*** Opening Provided data ***

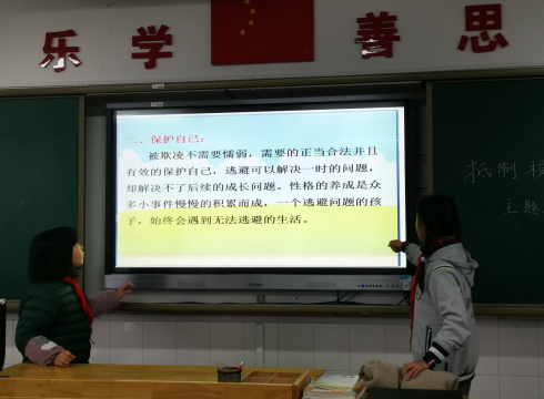 为了预防校园欺凌事件的发生,提高全体学生的法律意识、安全意识和自我防范保护能力,积极营造平安和谐有序的校园环境。11月27日下午,附中仙小四年级级部开展了以“预防校园欺凌,共建和谐校园”为主题的班会活动。
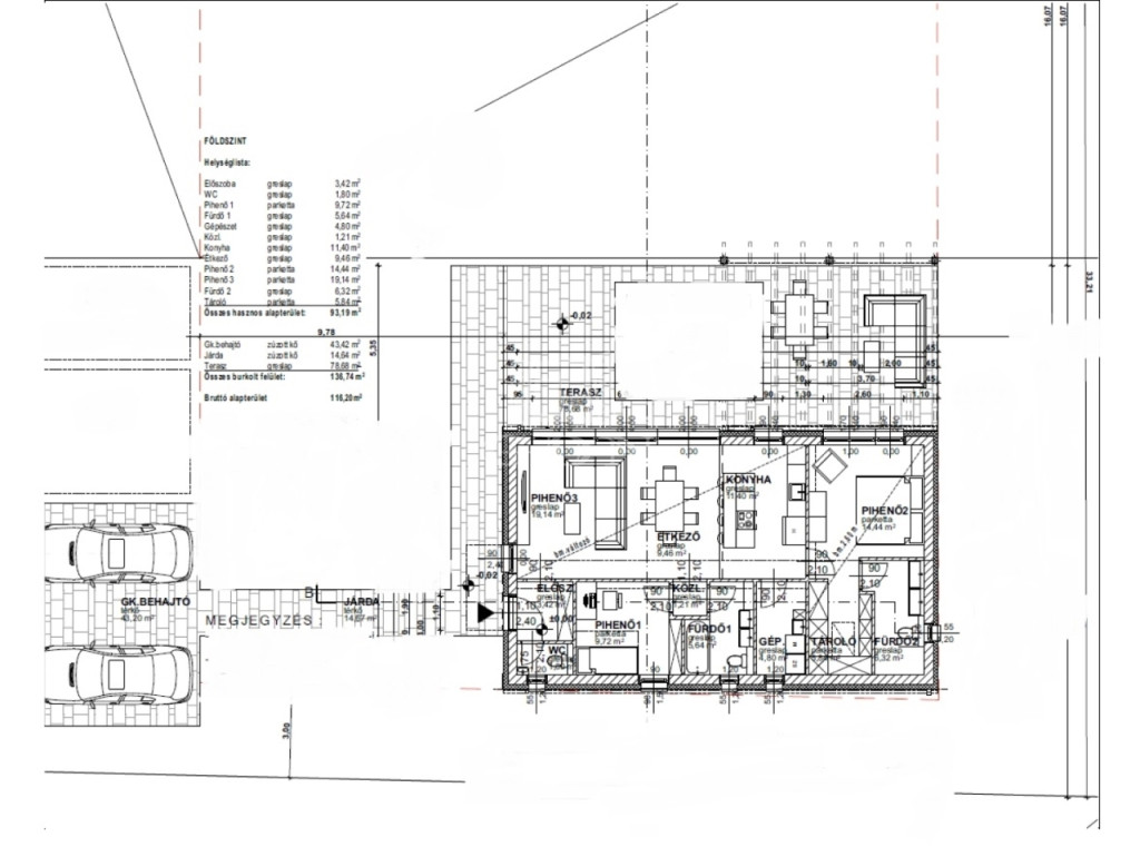 A 2026-ben épülő ingatlan 93 négyzetméter hasznos alapterülettel rendelkezik, mely ideális elrendezést biztosít: egy körbe napozott amerikai konyha-nappali mellett két tágas hálószoba, két különálló fürdőszoba, előszoba és háztartási helyiség került kialakításra.
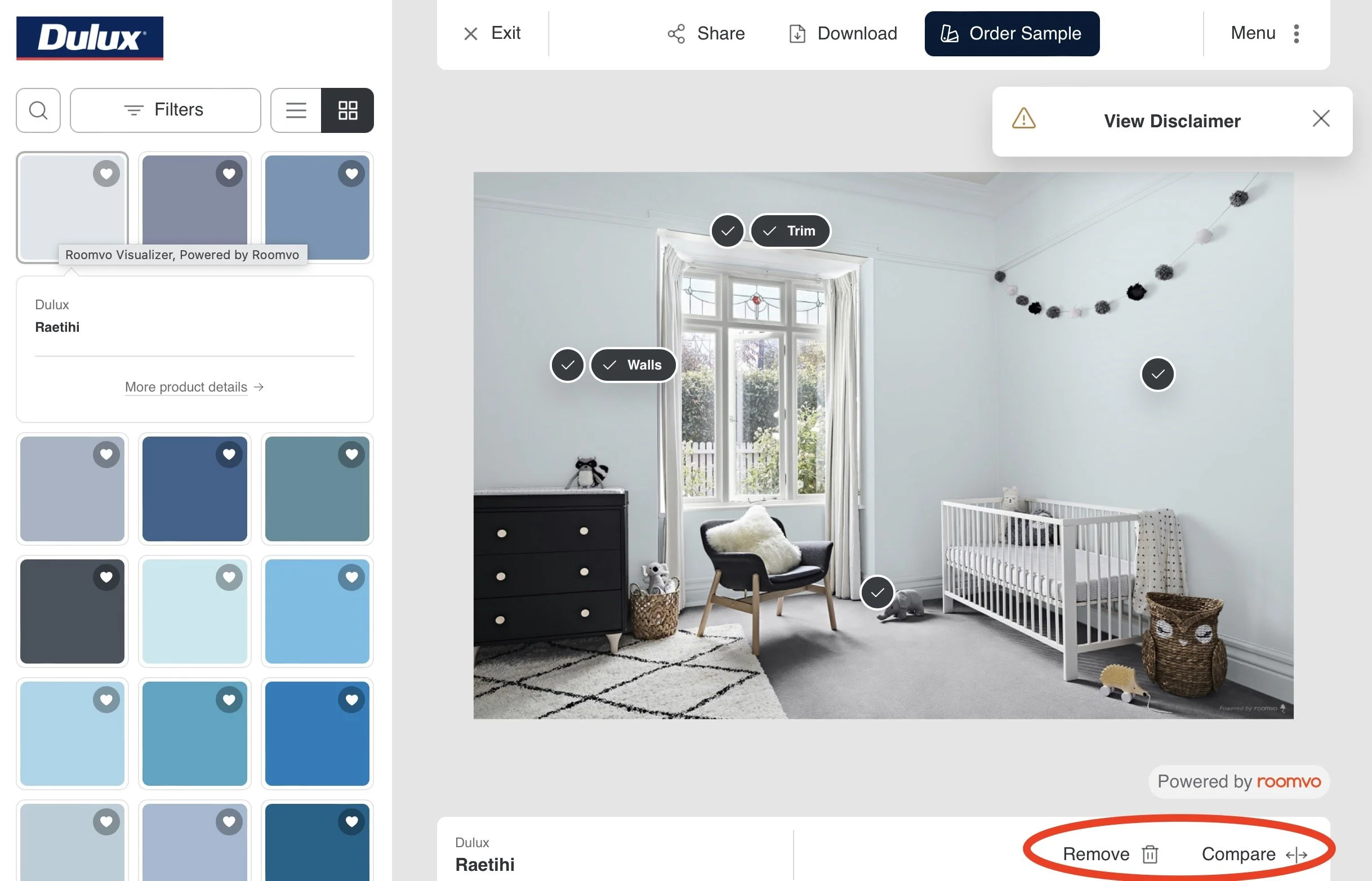 2. Select the ‘View colour in home gallery’ button below the colour blob.
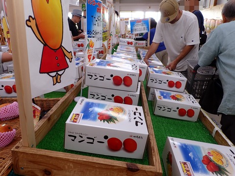 到着してみると、狙いだったマンゴー売場にこれまた大勢のお客様が押し寄せて、居並ぶマンゴーの箱を吟味しています。
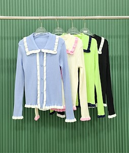 배색골지가디건
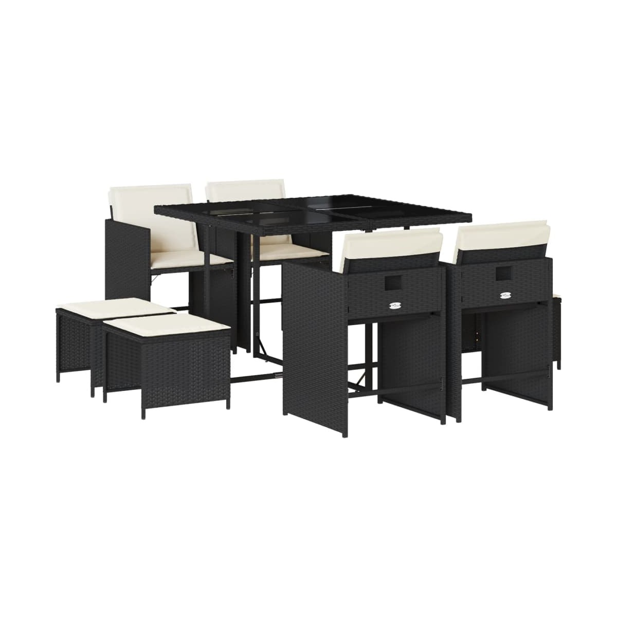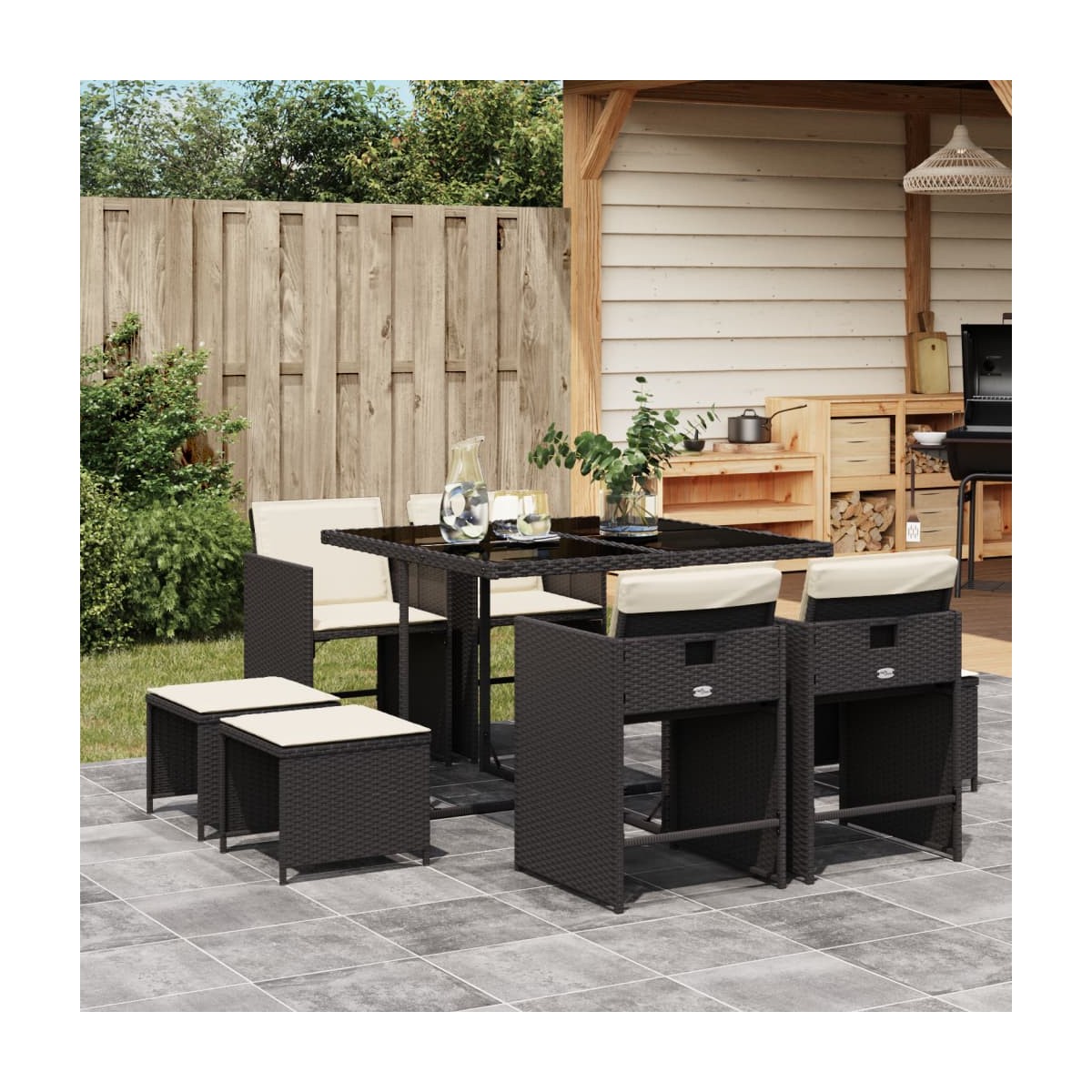 Este juego de comedor de jardín es una gran elección para comer al aire libre o simplemente para relajarte en el jardín, el patio o la terraza. Material duradero: El ratán PE, también conocido como ratán sintético, es un material sintético resistente y de bajo mantenimiento que se parece al ratán natural. Es ligero, fácil de limpiar y se usa comúnmente para muebles de exterior debido a su durabilidad y propiedades resistentes a la intemperie.Almacenamiento compacto: Estas sillas tienen un respaldo con solapa que se puede plegar, lo que facilita guardarlas debajo de la mesa. Cuando están plegadas, caben perfectamente debajo de la mesa, formando un cubo que ahorra espacio. Además, los taburetes también se pueden guardar debajo de las sillas, maximizando aún más la eficiencia del espacio.Experiencia de asiento cómoda: Estos muebles de exterior, completos con cojines acolchados gruesos, ofrecen una experiencia de asiento cómoda.Funda extraíble y lavable: Estos cojines para sillas cuentan con fundas extraíbles para facilitar su lavado y mantenimiento. Las fundas de los cojines de silla tienen una solapa en la parte posterior para facilitar su fijación a las sillas.Superficie estable y fácil de limpiar: Esta mesa de jardín tiene un tablero de vidrio templado que es resistente, duradero y fácil de limpiar con un paño húmedo. Información útil: Para asegurarte de que tus muebles de exterior se mantengan hermosos, recomendamos protegerlos con una funda impermeable.

*** Closing Provided data ***

## What this task involves
The images are to be left out while the entries are written out exactly.

## Problem solution
 为了预防校园欺凌事件的发生,提高全体学生的法律意识、安全意识和自我防范保护能力,积极营造平安和谐有序的校园环境。11月27日下午,附中仙小四年级级部开展了以“预防校园欺凌,共建和谐校园”为主题的班会活动。
 A 2026-ben épülő ingatlan 93 négyzetméter hasznos alapterülettel rendelkezik, mely ideális elrendezést biztosít: egy körbe napozott amerikai konyha-nappali mellett két tágas hálószoba, két különálló fürdőszoba, előszoba és háztartási helyiség került kialakításra.
 2. Select the ‘View colour in home gallery’ button below the colour blob.
 到着してみると、狙いだったマンゴー売場にこれまた大勢のお客様が押し寄せて、居並ぶマンゴーの箱を吟味しています。
 배색골지가디건
 Este juego de comedor de jardín es una gran elección para comer al aire libre o simplemente para relajarte en el jardín, el patio o la terraza. Material duradero: El ratán PE, también conocido como ratán sintético, es un material sintético resistente y de bajo mantenimiento que se parece al ratán natural. Es ligero, fácil de limpiar y se usa comúnmente para muebles de exterior debido a su durabilidad y propiedades resistentes a la intemperie.Almacenamiento compacto: Estas sillas tienen un respaldo con solapa que se puede plegar, lo que facilita guardarlas debajo de la mesa. Cuando están plegadas, caben perfectamente debajo de la mesa, formando un cubo que ahorra espacio. Además, los taburetes también se pueden guardar debajo de las sillas, maximizando aún más la eficiencia del espacio.Experiencia de asiento cómoda: Estos muebles de exterior, completos con cojines acolchados gruesos, ofrecen una experiencia de asiento cómoda.Funda extraíble y lavable: Estos cojines para sillas cuentan con fundas extraíbles para facilitar su lavado y mantenimiento. Las fundas de los cojines de silla tienen una solapa en la parte posterior para facilitar su fijación a las sillas.Superficie estable y fácil de limpiar: Esta mesa de jardín tiene un tablero de vidrio templado que es resistente, duradero y fácil de limpiar con un paño húmedo. Información útil: Para asegurarte de que tus muebles de exterior se mantengan hermosos, recomendamos protegerlos con una funda impermeable.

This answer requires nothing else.